I let people rate how much they like different things on a scale of 1-10. How do I actually tell if people like one thing more than another thing if the sample sizes are different? This is not about any real scientific study, more like a personal test :)
For example, if one thing got voted on 10 times and has an average value of 6.5, and another thing got voted on 6 times and has a 6.1, is the 6.5 thing actually more liked? Or is this small sample size still so random that it could with a high chance go both ways?
I've never done anything like this, if someone could explain it or direct me to the correct key words/links, that would be hugely appreciated :)
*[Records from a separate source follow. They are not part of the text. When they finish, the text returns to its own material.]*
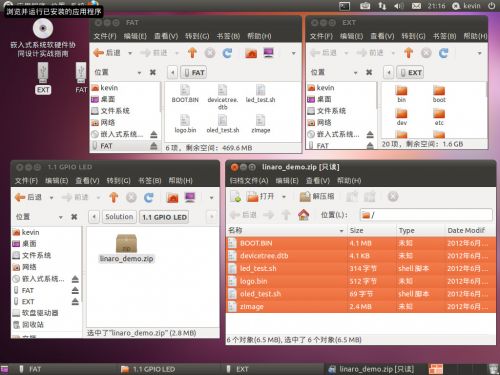 大家可以看到, SD卡分了两个区, 一个是FAT,一个是EXT, FAT里面从光盘里拷贝了引导文件BOOT.BIN, 以及linux的压缩内核, zImage. FAT盘里面的文件,要想拷贝过去很简单,只需要把linaro_demo.zip里面的文件之间拖过去就可以了。
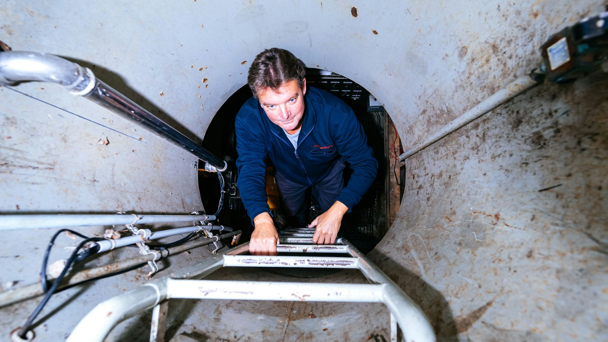 Guido Rahm vom Warndienst der Feuerwehr Köln klettert in den Technikbunker einer Pressluftsirene.
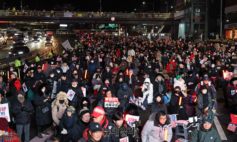 고위공직자범죄수사처(공수처)가 헌정 사상 최초로 현직 대통령에 대한 체포·수색영장 집행에 나선 3일 밤 서울 용산구 한남동 대통령 관저 앞 육교에 집회에 참석한 시민들이 줄을 서서 이동하고 있다.관저 앞 육교가 흔들린다는 제보를 받은 용산구는 이날 오후 '안전상 문제가 없다'는 안내 현수막을 육교 곳곳에 설치하고 안내담당자를 배치해 안전사고에 대비했다.이날 오전 윤 대통령 체포영장 집행에 나선 공수처는 약 5시간 30분 만에 체포영장 집행을 중지하고 철수했다.
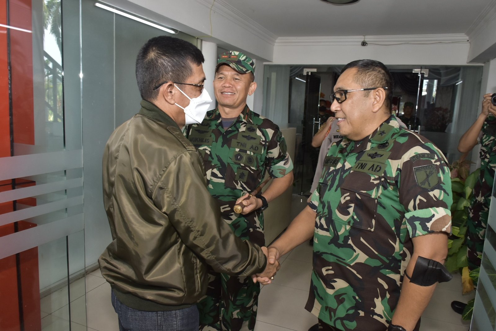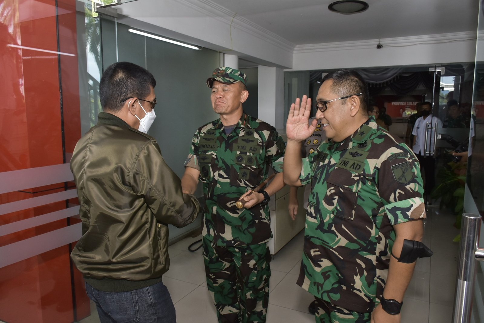 NASIONALXPOS.CO.ID,MANADO,-Plt. Deputi IV Bidkoor Hanneg Kementerian Koordinator Bidang Politik Hukum dan Keamanan Mayjen TNI Drs. Burlian Sjafei beserta rombongan antara lain Brigjen TNI Frengky E. Riupassa (Asdep IV) dan Kolonel Inf Rusman (Kabid Doktrin Pertahanan) dan Domaeld Putra Analis Polhukam disambut oleh Irdam XIII/Merdeka Brigjen TNI Denny Masengi saat mendarat di Bandara Sam Ratulangi, Senin (26/9/2022).
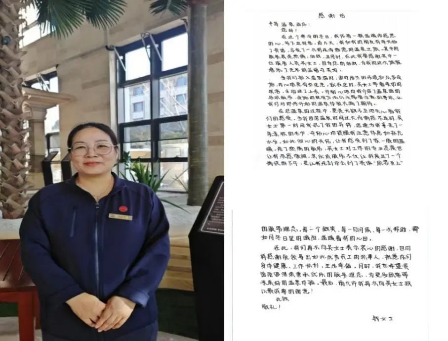 在港泊半島酒店,暖心的故事每天都在上演。近日,酒店收到了一封來(lái)自溫泉館客人的感謝信。信中,客人用真摯的筆觸,對(duì)溫泉館員工吳月華的服務(wù)賦予了極高的評(píng)價(jià)。為了弘揚(yáng)這種敬業(yè)精神,樹(shù)立酒店服務(wù)的全新標(biāo)桿,港泊半島酒店開(kāi)展了向優(yōu)秀榜樣吳月華學(xué)習(xí)的活動(dòng)。每一位員工都積極響應(yīng),將熱忱融入日常服務(wù)的每一處。他們以實(shí)際行動(dòng)詮釋著五星級(jí)酒店的品質(zhì)與擔(dān)當(dāng),致力于為每一位賓客打造更加優(yōu)質(zhì)、貼心、溫暖的入住體驗(yàn),用心雕琢著港泊半島酒店的卓越口碑。
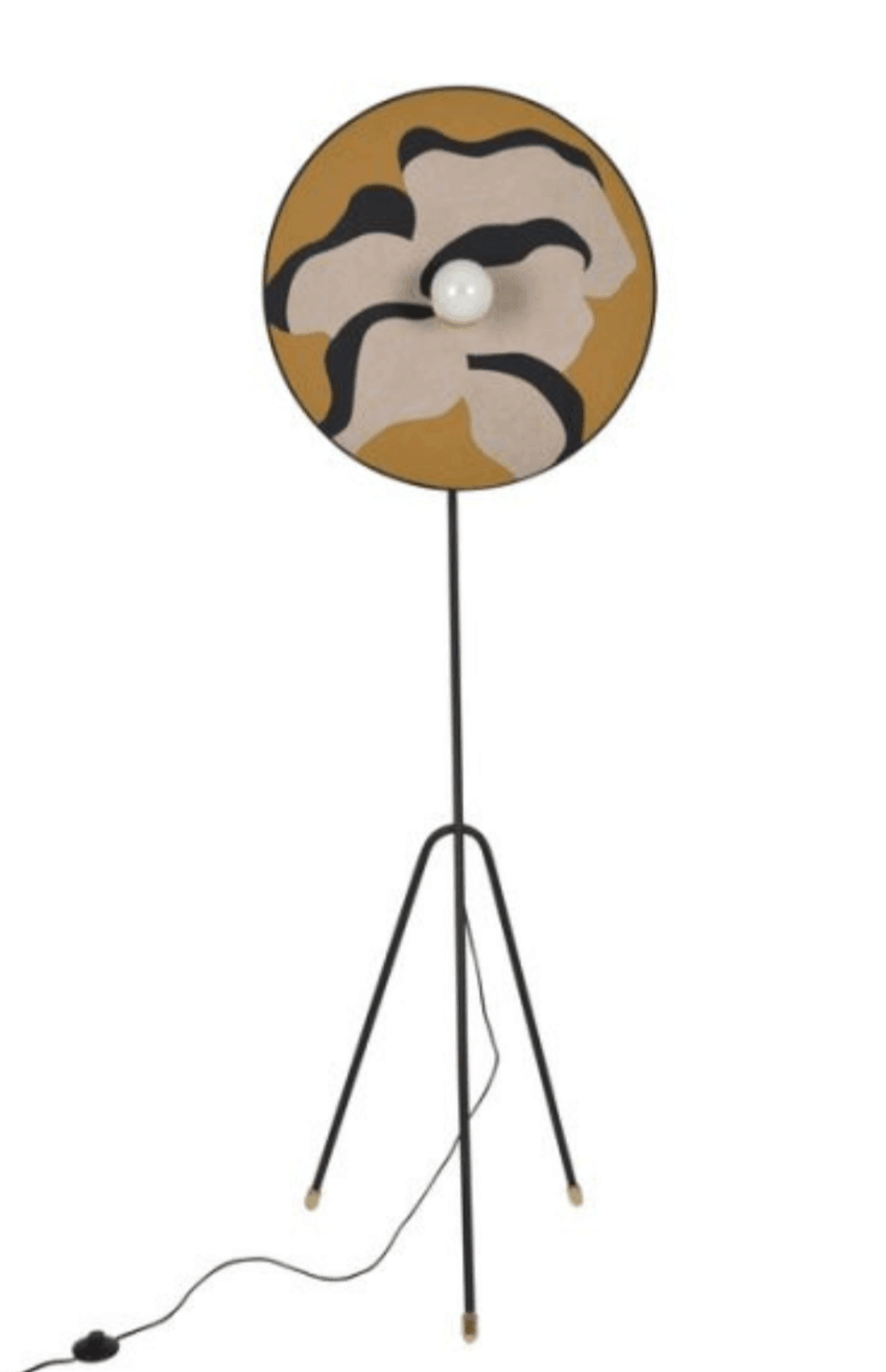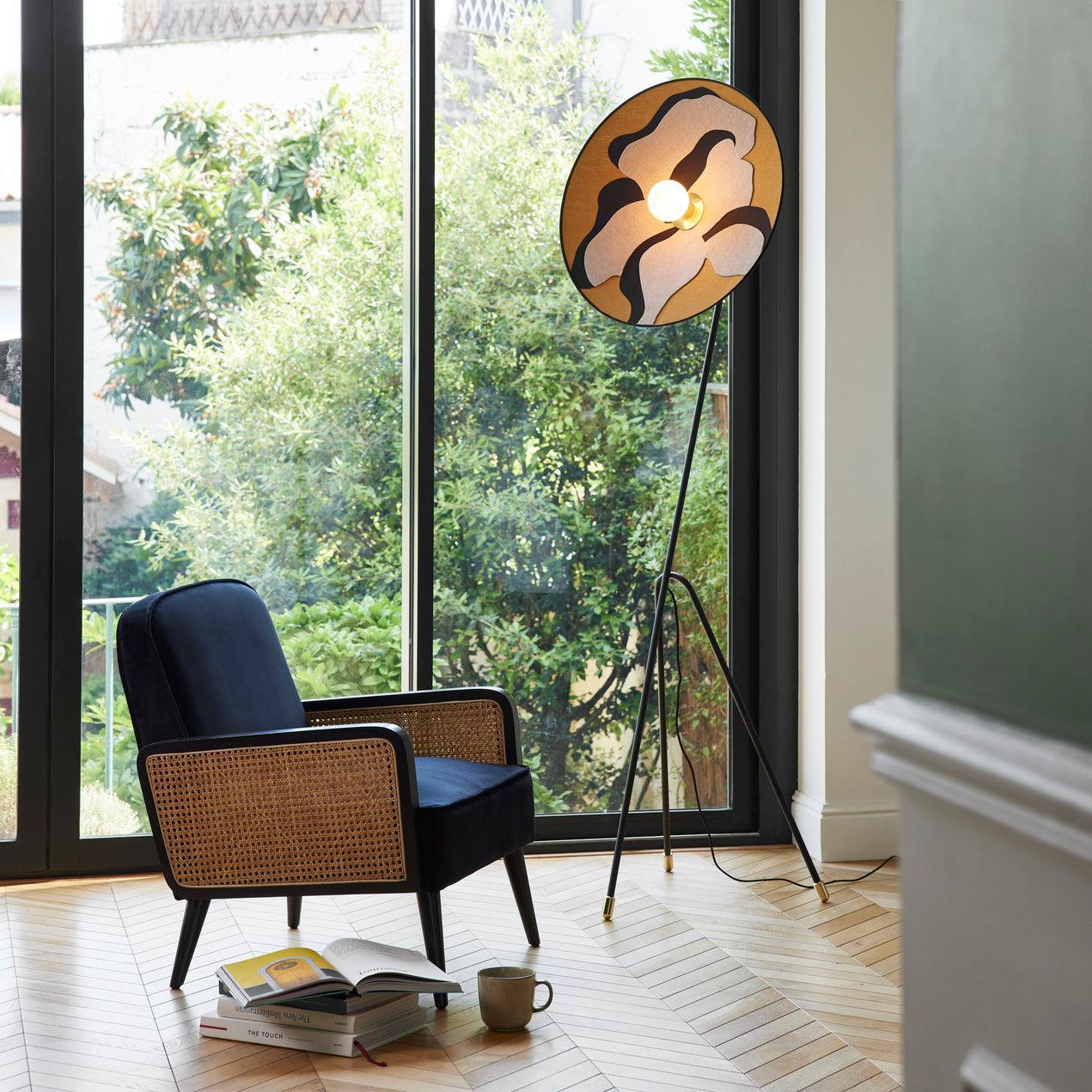 Stojací lampa Soni Laudet v hořčičném odstínu se prezentuje jako elegantní prvek vyrobený z lakovaného kovu s pískovaným povrchem a jemně zpracovanými mosaznými detaily. Její tvar stativu je nastavitelný, což umožňuje přizpůsobení individuálním preferencím.
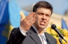 Активисты партии "Свобода" держат плакат с надписью:"Зек - марионетка кремлевских карликов", "долой русский империализм", "Украина принадлежит украинцам" и др.
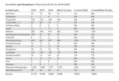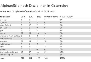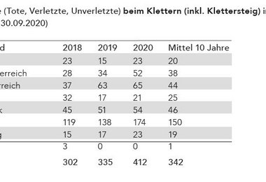 Die Alpinunfallstatistik des Österreichischen Kuratoriums für Alpine Sicherheit basiert auf der Alpinunfalldatenbank der Alpinpolizei. Die genannten Zahlen gehen auf eine Abfrage vom 5. Oktober 2020 zurück. Spricht das Kuratorium für Alpine Sicherheit von Verunfallten, bezieht es sich auf die Gesamtzahl an Toten, Verletzten und unverletzten Personen. Diese liegt für den Erfassungszeitraum bei insgesamt 3.862. Verletzt haben sich 2.527 Personen. Unverletzt geborgen wurden 1.213. Blickt man auf den Mittelwert der vergangenen zehn Jahre – Gesamt-Verunfallte: 2.940, Verletzte: 1.887, unverletzt Geborgene: 909 – ist die Zunahme vor allem bei unverletzt geborgenen deutlich.
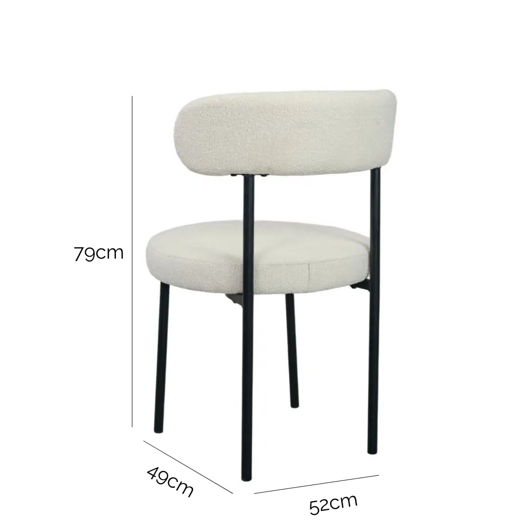 The Arco Boucle Dining Chair brings a touch of warmth and elegance to your dining space. Upholstered in a soft cream boucle fabric, it combines inviting texture with a sleek, contemporary silhouette.
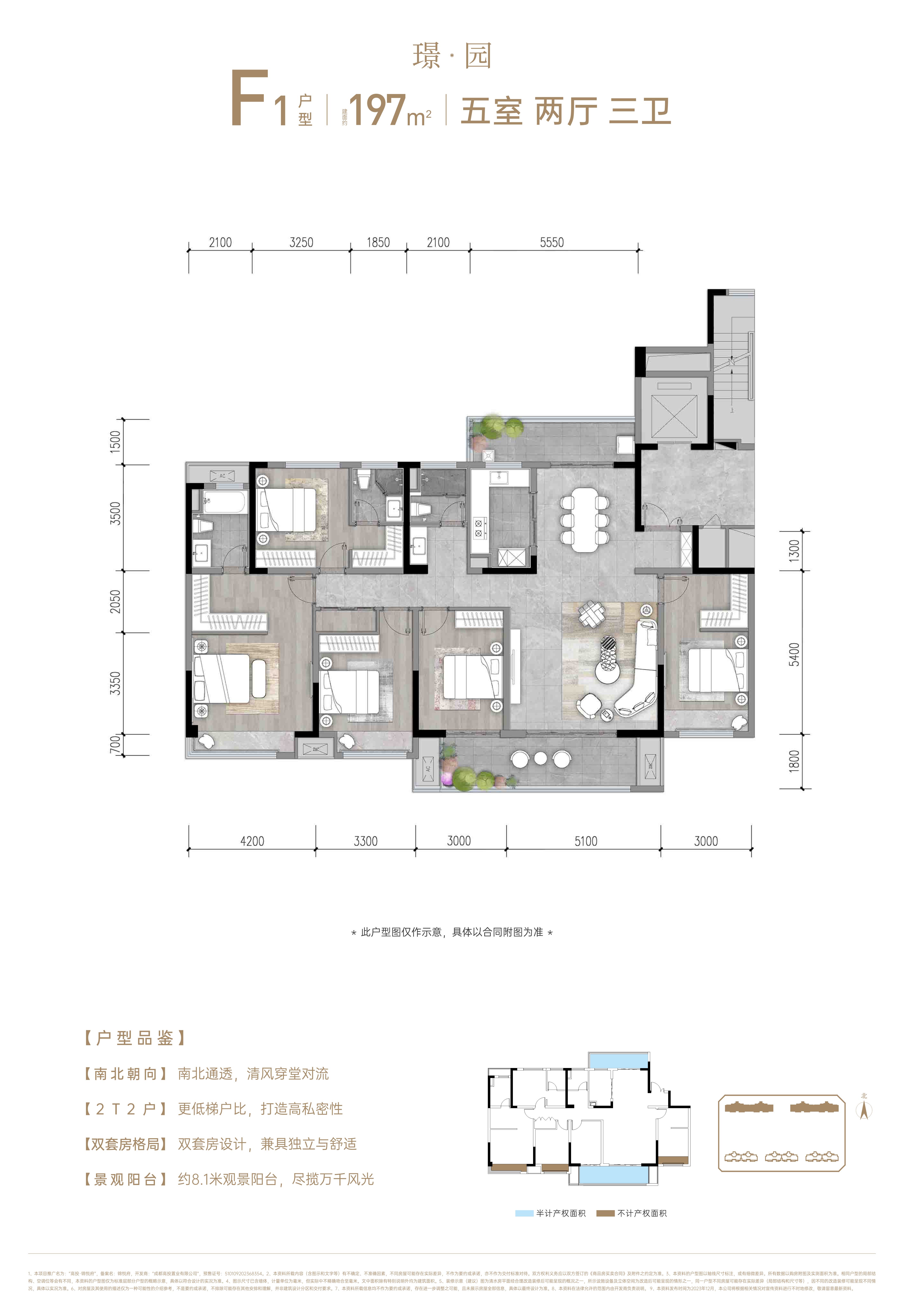 5室2厅3卫-F1户型-197㎡-五室两厅三卫
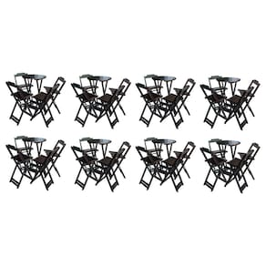 Kit 8 Jogos De Mesa Bistrô De Madeira Com 4 Cadeiras Dobravel Ideal Para Bar E Restaurante Tabaco é ideal para bares, restaurantes, estabelecimentos, áreas de lazer e tambem para sua casa. Feito em madeira maciça, tornando resistentes e duráveis. Seu design permite que seja encaixado em qualquer ambiente, trazendo um toque a mais para seu estabelecimento. Além de sua durabilidade, o que lhe trará conforto para servir seus clientes. Por ser dobrável torna-se mais fácil guardar, manusear e limpar o produto. Atenção: EVITE USAR PRODUTOS ABRASIVOS E QUíMICOS PARA LIMPEZA DO PRODUTO, aconselha-se o uso de pano umedecido para melhor conservação; mantenha o produto fora de chuva e sol constantes. OBS: MDF ULTRA MESA Cor: Tabaco Modelo: Bistrô Dobravel Dimensões: Altura 99cm | Largura 55cm | Profundidade 55cm CADEIRA Cor: Tabaco Modelo: Bistrô Dobravel Dimensões: Altura 100cm | Largura 38cm | Profundidade 37cm
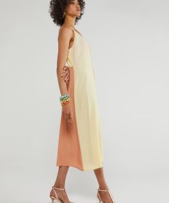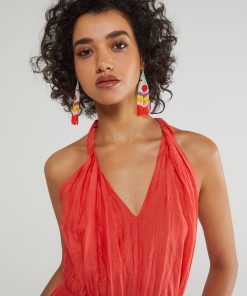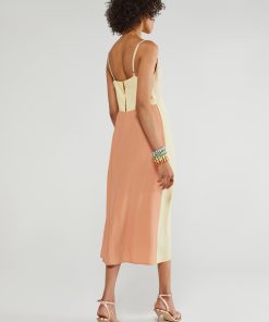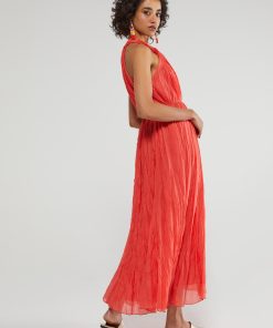 Printed viscose long dress with keyhole back opening and slits at the hem
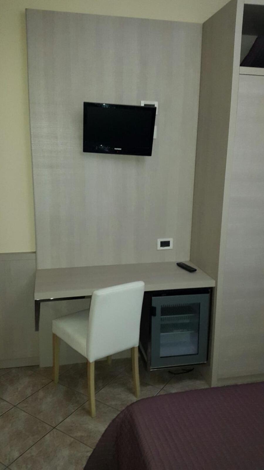 Frigo bar vuoto e in mezzo alla camera già piccola e non nel suo vano vuoto; neanche una bottiglietta di acqua a disposizione; in camera nessuna ulteriore coperta in armadio
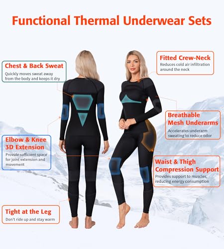 Heat & Warmth: Women’s thermal underwear set features self-heating yarn technology that absorbs visible light and generates heat, effectively raising the body surface temperature to withstand the cold
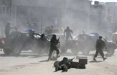 另?yè)?jù)新華網(wǎng)報(bào)道,有目擊者稱,恐怖分子一度占領(lǐng)了司法部大樓,并用自動(dòng)步槍瘋狂掃射。目前,警方已奪回對(duì)大樓的控制權(quán),并打死至少4名恐怖分子。此外,在阿富汗安全情報(bào)部附近,安全人員也打死2名準(zhǔn)備發(fā)動(dòng)自殺襲擊的恐怖分子?植婪肿赢(dāng)天還向位于喀布爾北部的一座政府建筑發(fā)動(dòng)了襲擊。
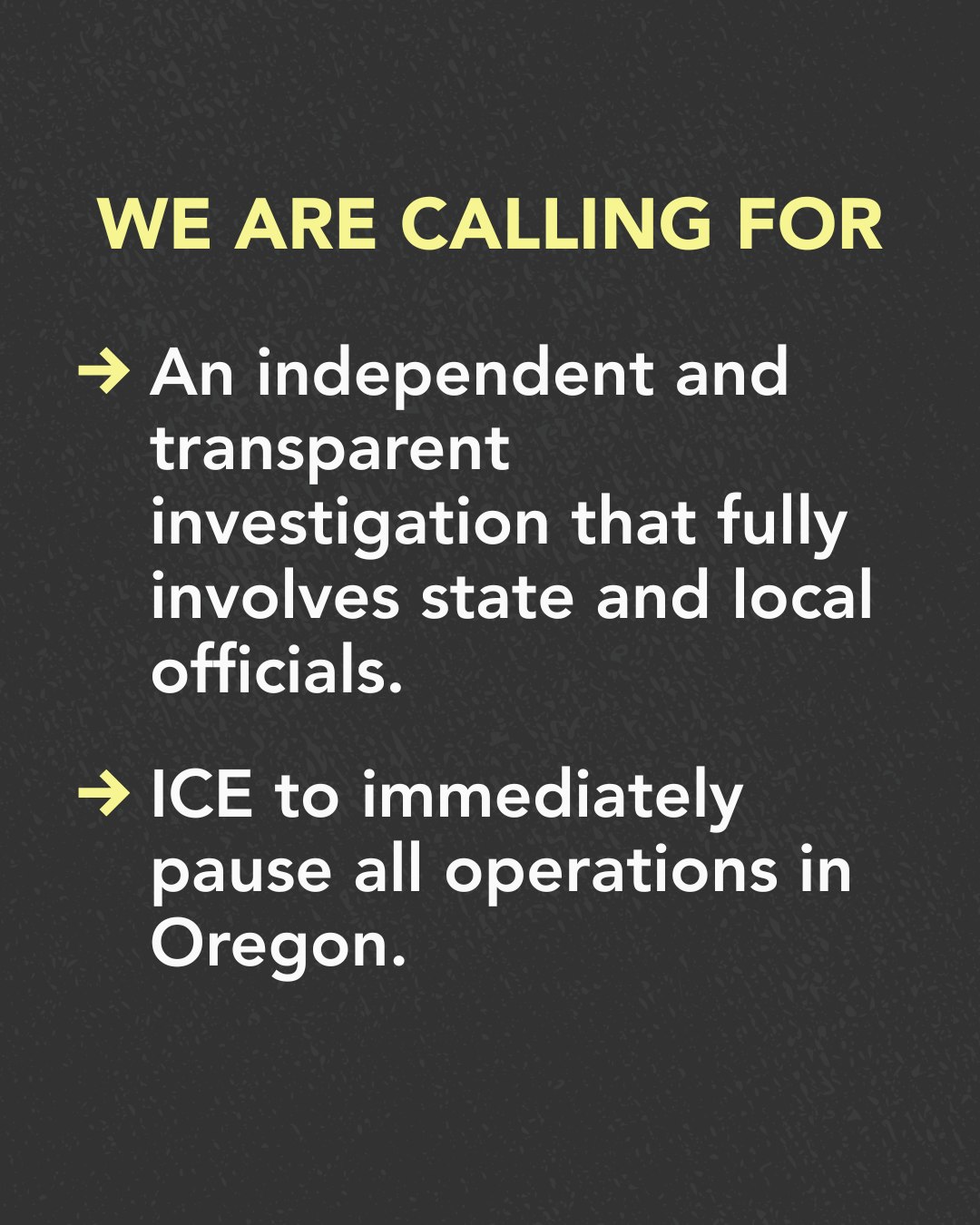 The presence of immigration agencies that hurt people and break up families puts all of us in danger. We are calling for ICE to immediately pause all operations in Oregon. And we support an independent, transparent investigation into the recent shooting of two people by federal agents in East Portland.

I've read up a bit on p-value determination, but I'm not sure what my "null hypothesis" is here actually, numerically. If I'd put it in words I guess my hypothesis would be "this thing is more liked than the other thing", but honestly, it seems like my specific case would be much simpler than all the stuff I'm reading here :D
Your null hypothesis is the thing you're trying to disprove. For example, if I wanted to run a study to asses the effect of adding a certain growth hormone to a cell culture, my null hypothesis would be "there is no effect". In your case, it would be "there is no difference in how much different things are liked". From there, you'd run your study, and do your statistical analysis, for which there are different methods based on the type of data, number of groups your comparing, sample size, etc., and I'm not a statistician so I can't say which methods are best for what you're planning.
When it comes to p-value, to really simplify it, you can think of your p-value as the likelihood your null hypothesis is true. That's not exactly what it means, but it's an easy way to remember it.